Automatize the deployment of Kubernetes Clusters on Cloud Infrastructure

Submitted by anappi on
Blog article:

Hi, my name is Priyanshu Khandelwal. I was amongst the 40 students selected from all over the world to work at CERN as an Openlab Summer Student 2019. I worked in the IT-DB-DAR section under the supervision of Mr Antonio Nappi.

Introduction

At CERN’s IT-DB-DAR section, there is ongoing work to migrate the hosting infrastructure from virtual machines to Kubernetes. Profiting of Kubernetes portability to evaluate how CERN’s services can run on public clouds - in particular, on Oracle cloud.

During the summer, I worked on automating the process of Infrastructural deployment on public/private clouds and making this deployment procedure cloud-agnostic.

As part of my project, we developed Terraform [1] (discussed below) modules that could deploy infrastructure (refer Figure 1) consisting of Kubernetes cluster, InfluxDb, Elasticsearch, Grafana and Kibana on Oracle Cloud. We also developed Terraform modules to create Kubernetes clusters and Magnum cluster templates on Openstack.

Figure 1. Infrastructure to be deployed on Oracle Cloud

About Terraform

Terraform [1] is an open source tool developed by Hashcorp which can create and manage cloud infrastructure. It uses Hashicorp Configuration Language (HCL) [2] for it’s configuration. With terraform, it is possible to specify the infrastructure components like network, subnet, compute instances etc in a set of declarative files in HCL. All major cloud providers have Terraform plugins available so Terraform can be used to deploy infrastructure on any of these cloud providers.

Creating a Terraform Module

Using Terraform, we specified the infrastructure that we wanted to deploy on the cloud as HCL code. We coded virtual machines and related infrastructure components like network subnet, virtual network etc as resources in Terraform.
An example is shown in Figure 2, where we declare a virtual machine resource of type “oci_core_instance” in terraform. The type represents the cloud provider, Oracle Cloud in this case. Further, several configuration arguments like Virtual Network Interface Card details, availability domain, shape, metadata etc can be added to the virtual machine resource.
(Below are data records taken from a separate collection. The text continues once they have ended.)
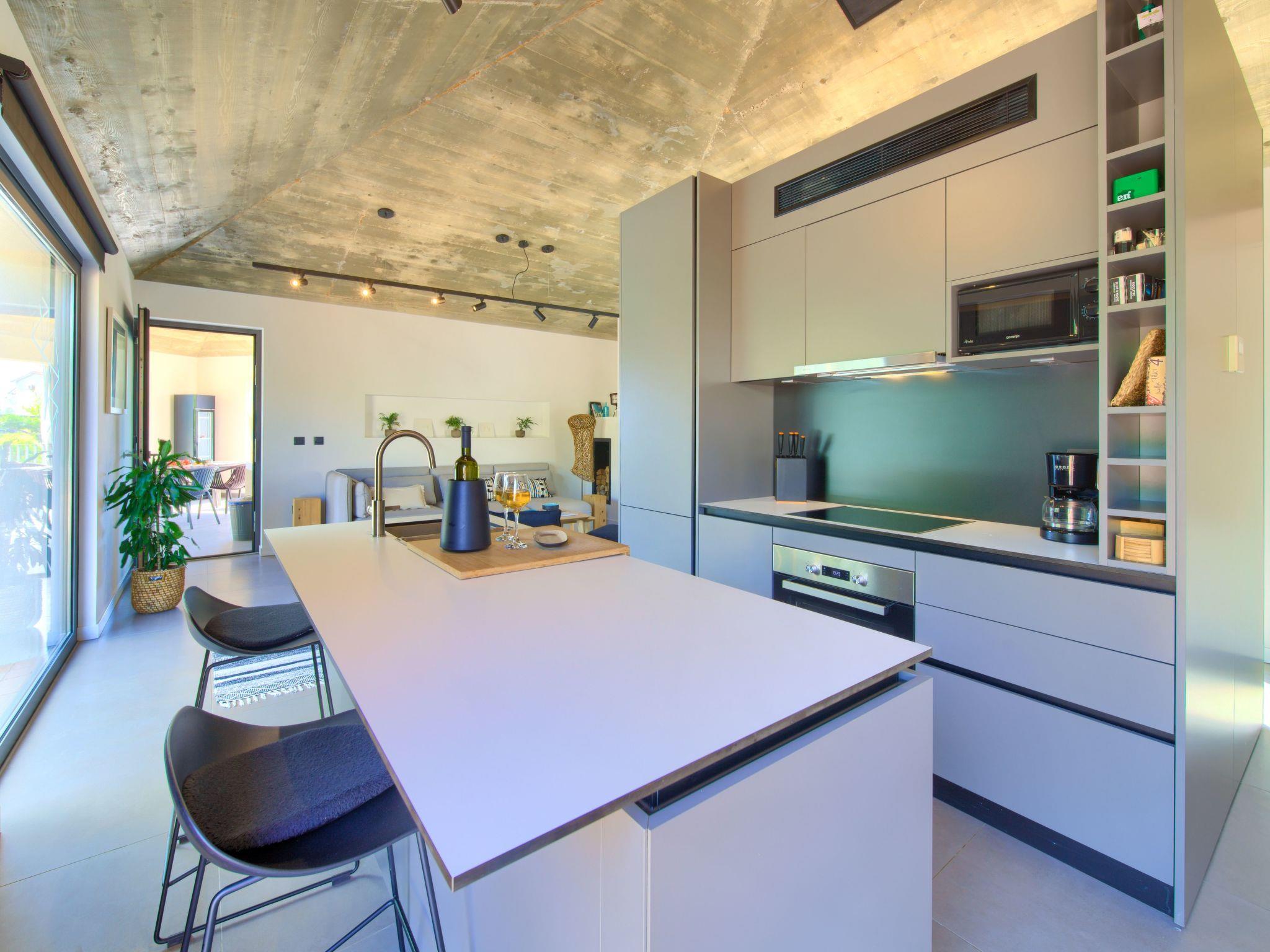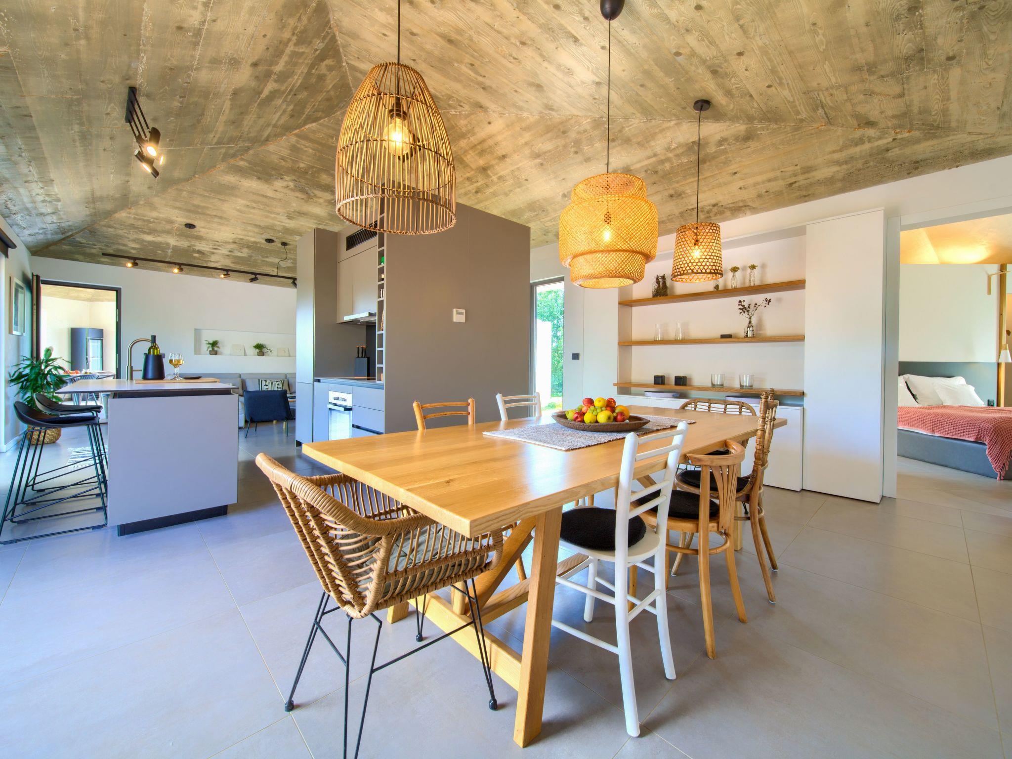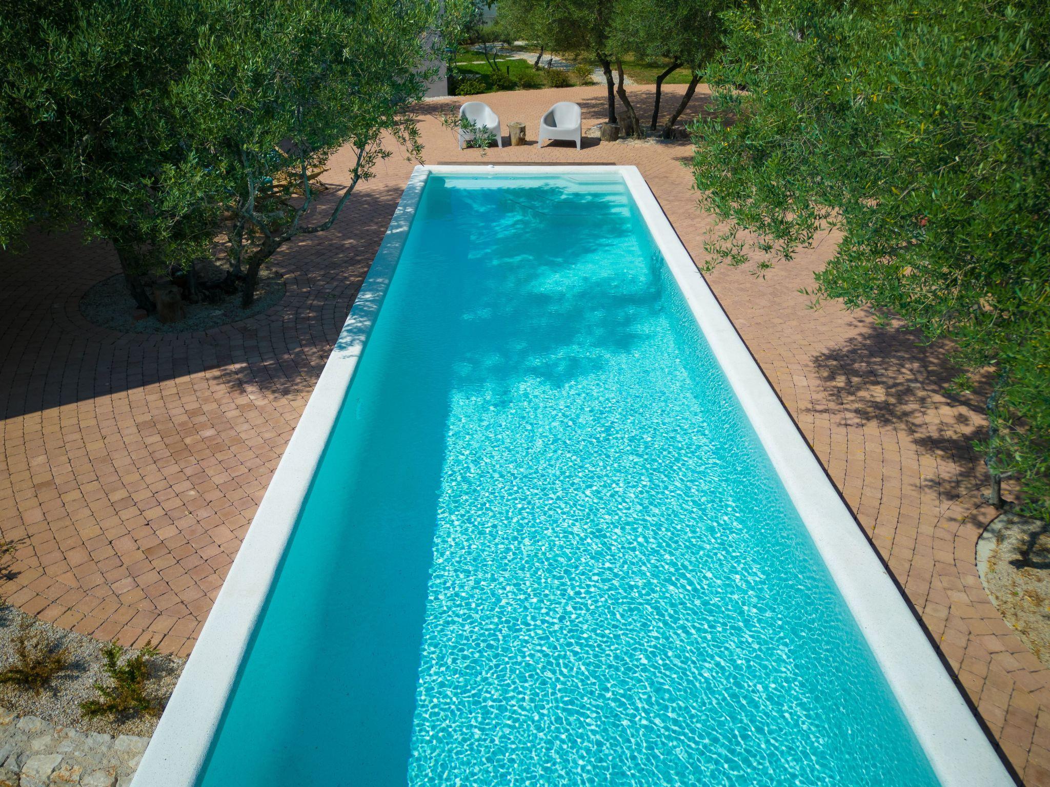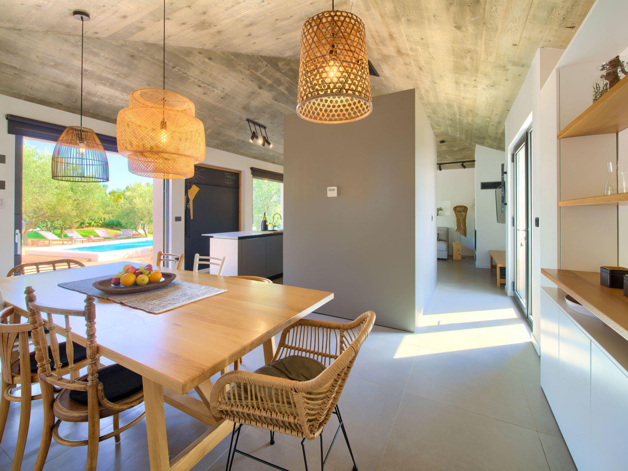 Margari Villas is a unique architectural space, perfectly integrated into the natural ambiance of olive groves, situated in the quiet village of Linardici on the island of Krk. The whole estate consists of several buildings, uniquely designed as indented multi-story ground floor houses, which surround a central atrium dominated by old olive trees and Mediterranean plants, with an infinity pool in the center. It is a space for socializing, relaxing, and enjoying nature. It is interesting that the space of the houses was built in such a way that the old olive grove determined the position of individual parts of the building, so Margari represents three buildings, the first of which is the entrance space and reception with front parking. There is an entrance to the biggest house with a living room and dining room, and two bedrooms with private bathrooms with shower and walk-in wardrobe. Each room also has access to the courtyard with its terrace. From the living room, you exit to the central atrium with a swimming pool, as well as a loggia for dining and barbecue, and a cantilevered balcony. From the central courtyard, you enter a small house dominated by a spacious kitchen with a kitchen island and a space for socializing with the preparation of culinary delicacies. From this space, you enter two bedrooms, equipped with private bathrooms, walk-in wardrobes, and private terraces. From this building, you can reach the backyard with olive groves and Mediterranean plants, as well as the back parking lot and the entrance to the plot. There are 4 bicycles at your disposal, and pets are welcome. Margari Villas is the place where you'll enjoy your perfect vacation in a natural and authentic environment.
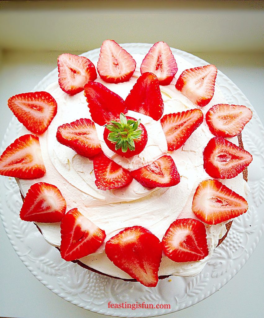 Because this cake is so easy to make and looks so beautiful, it easily turns any occasion into a Feast! Since I found strawberries on special offer I baked this cake. Because, they were so sumptuous they deserved celebrating!
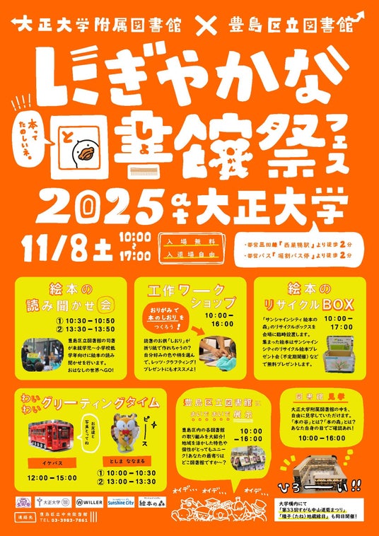 1. 大正大学附属図書館は豊島区立図書館と共同で11月8日(土)に「にぎやかな図書館祭(フェス)」を開催します
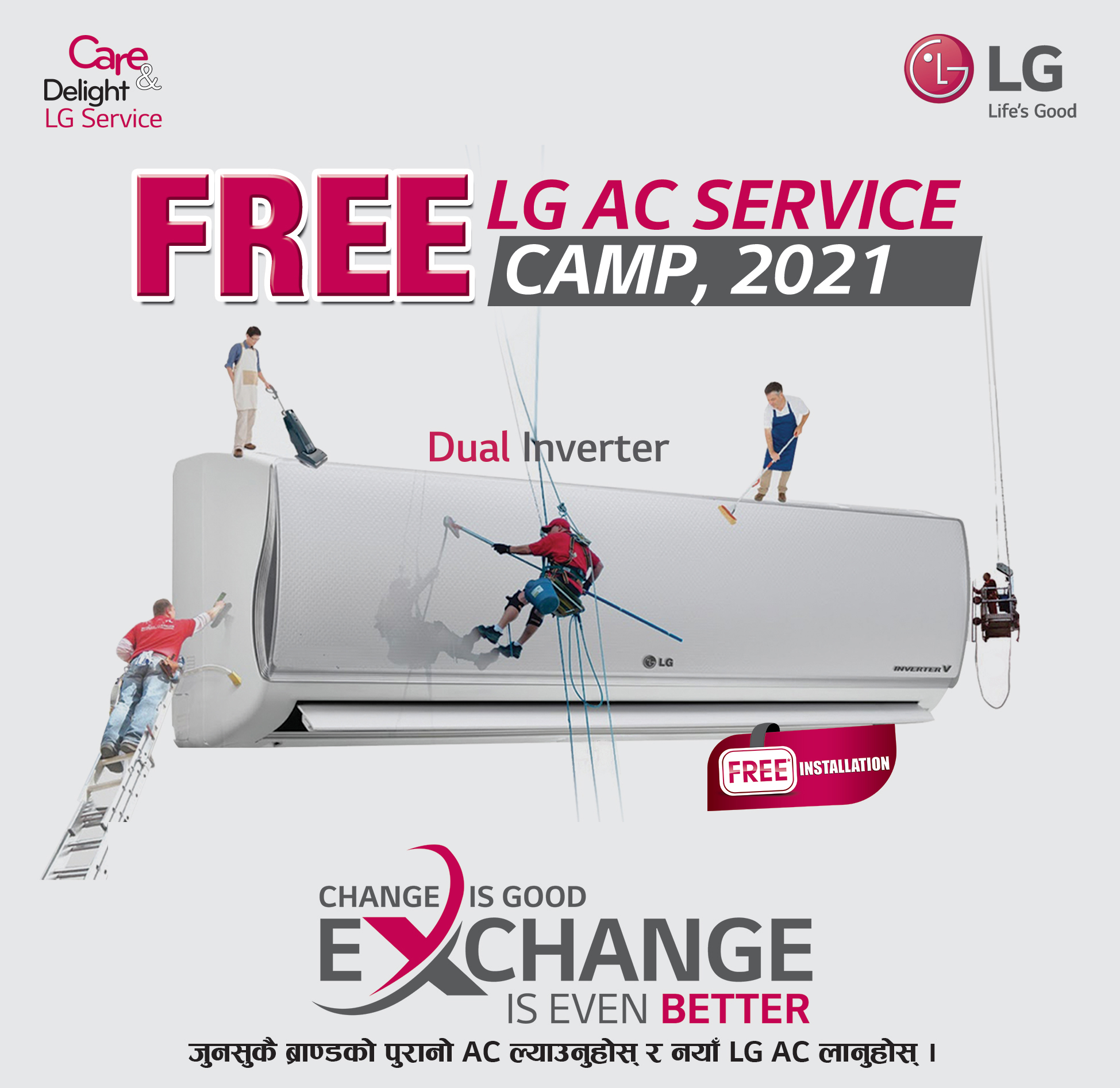 यस कार्यक्रम योजना अन्तर्गत ग्राहकवर्गहरुले कुनै पनि ब्राण्डको एसी माफ्रि सर्भिसिङ पाउनुका साथै आफ्नाे पुरानो एसी साट्न चाहेमा, उक्त पुरानो एसीमा उचित मूल्याङकन गर्दै एलजीको उच्च गुणस्तरिय एसीसँग साट्न सक्नेछन् ।
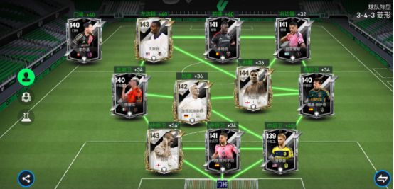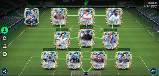 赛季最佳活动中,来自各大联赛的传奇球员持续登场,尽管还有多个联赛章节没有开启,但现有的传奇球员已经让F宝挑花了眼!本期文章,F宝就带兄弟们一起看看由赛季最佳传奇球员所组成的队套,在游戏中的实力如何! 阵容搭配 赛季最佳传奇球员强度不一,基础能力值区间为145-147,这里F宝根据高能力值球员的位置分布,选择了一套433防守系列阵型来进行讲解。 锋线:里贝里、戈麦斯、奥维兰 中场:马特乌斯、奥科查、
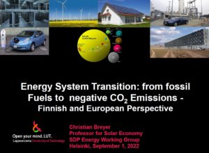 Solarprofessori Christian Breyer kertoo, että aurinkoa on yllin kyllin ja tuulta tarpeeksi ja uusiutuvan tuotannon hinta on putoamassa vauhdilla. Tekniikka kehittyy sähköjärjestelmienohjauksessa ja sähkön varastointikin maametallien rajoituksista huolimatta onnistuu. Tulevaisuus näyttä sanan mukaisesti aurinkoiselta.
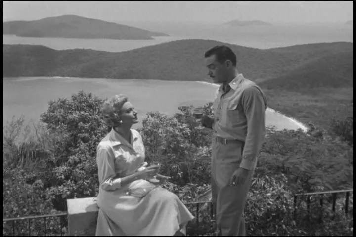 The island-hopping campaign against Japan uses the French territory’s capital of Noumea as a base. Among the Red Cross workers tending to the troops is fresh volunteer ‘Lee Ashley’ (Deborah Kerr), whose husband was killed in the bitter struggle for nearby Guadalcanal (858 miles away, next door in the Pacific). Her emotional vulnerability is targeted for seduction by callous ‘Colin Black’ (William Holden), a harsh-as-hell Marine Colonel who isn’t much easier on the fragile widow than he is on his battalion of Raiders. Though cautioned by her savvy supervisor ‘Kate Connors’ (Thelma Ritter), Lee allows herself to fall for the domineering officer, and he’s not above lying about knowing her late husband to get what he wants. It’s war: people get hurt.
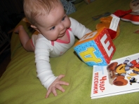Полиночка,добирается до своей любимой книжки))
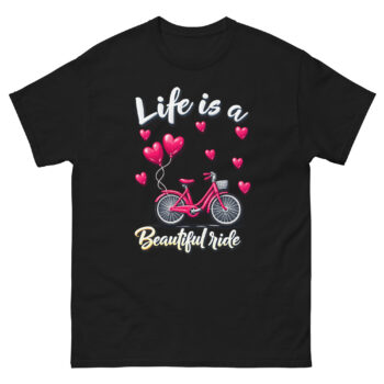 Life Is A Beautiful Ride T Shirt – Pink Bike & Heart Balloons Art Tee
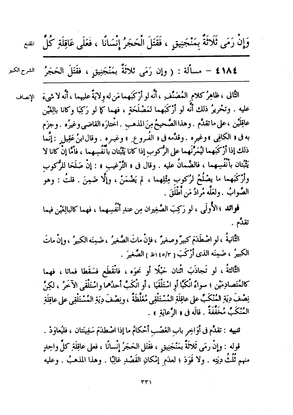 وَإِنْ رَمَى ثَلَاثَةٌ بِمَنْجَنِيقٍ، فَقَتَلَ الْحَجَرُ إنْسَانًا، فعَلَى عَاقِلَةِ كُلِّ
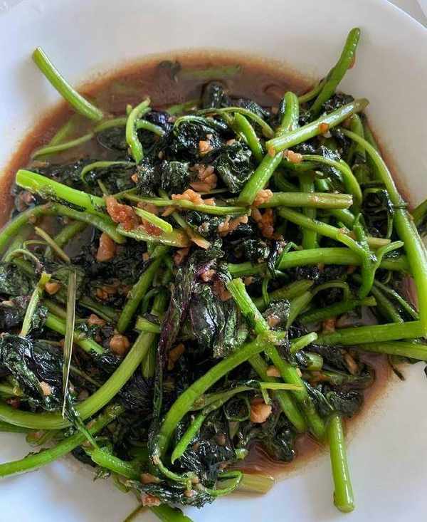 這第一道菜,比較有爭議,有的說是莧菜,還有的說是茼蒿,也有網友說是紅薯葉,具體是什麼,還真不好說。不過雖然看不出具體食材,但是看著味道還不錯,一道素菜炒出瞭葷菜的感覺,特別有食欲。
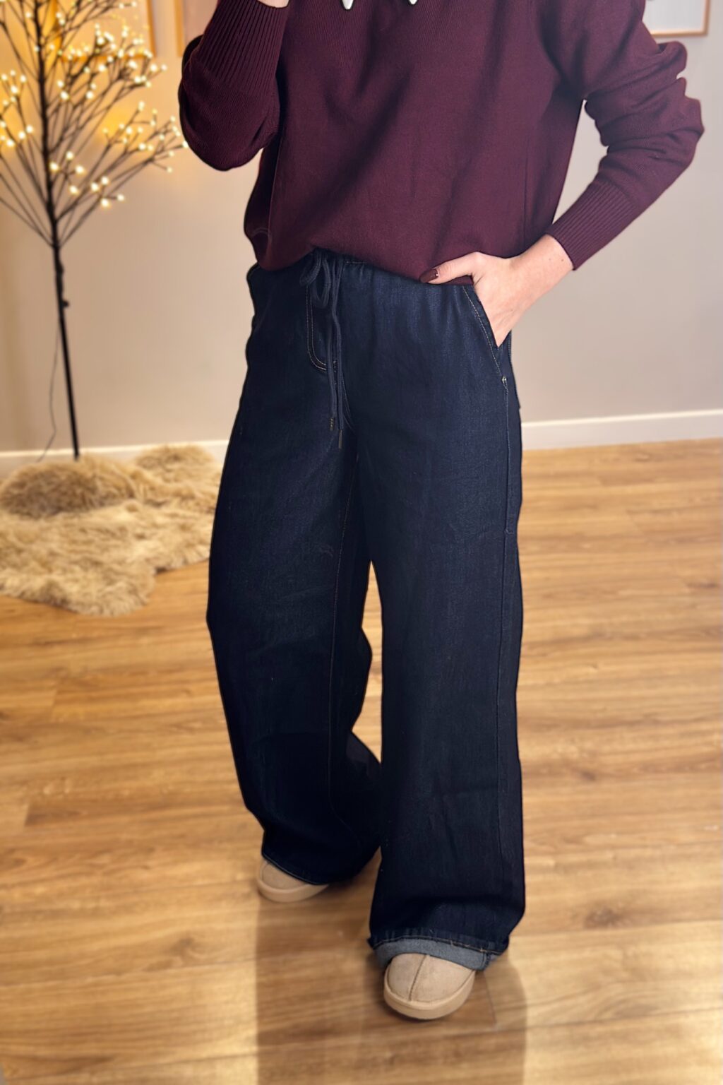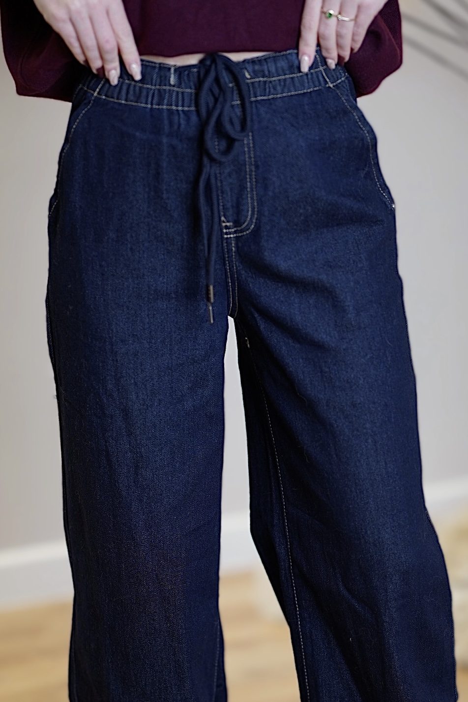 Jeansy CITY to idealny balans pomiędzy luzem a elegancją. Ich lekko rozszerzany, wygodny krój i wiązanie w pasie nadają im nonszalancki charakter inspirowany paryskim stylem effortless chic.

Figure 2. Coding a virtual machine as a resource in Terraform

After coding the infrastructure, we wrote bash scripts that could install particular software like Elasticsearch, Kibana, InfluxDb etc along with their dependencies on the virtual machine and configure the system for them. An example bash script is shown in Figure 3. These scripts were executed automatically on the virtual machine after it was provisioned.

Figure 3. Bash script to setup Elasticsearch and Kibana on a VM

Then, we use “remote-exec” to copy the needed configuration files from the local system to the provisioned virtual machine (shown in Figure 4).

Figure 4. Using ‘remote-exec’ to copy files from local system.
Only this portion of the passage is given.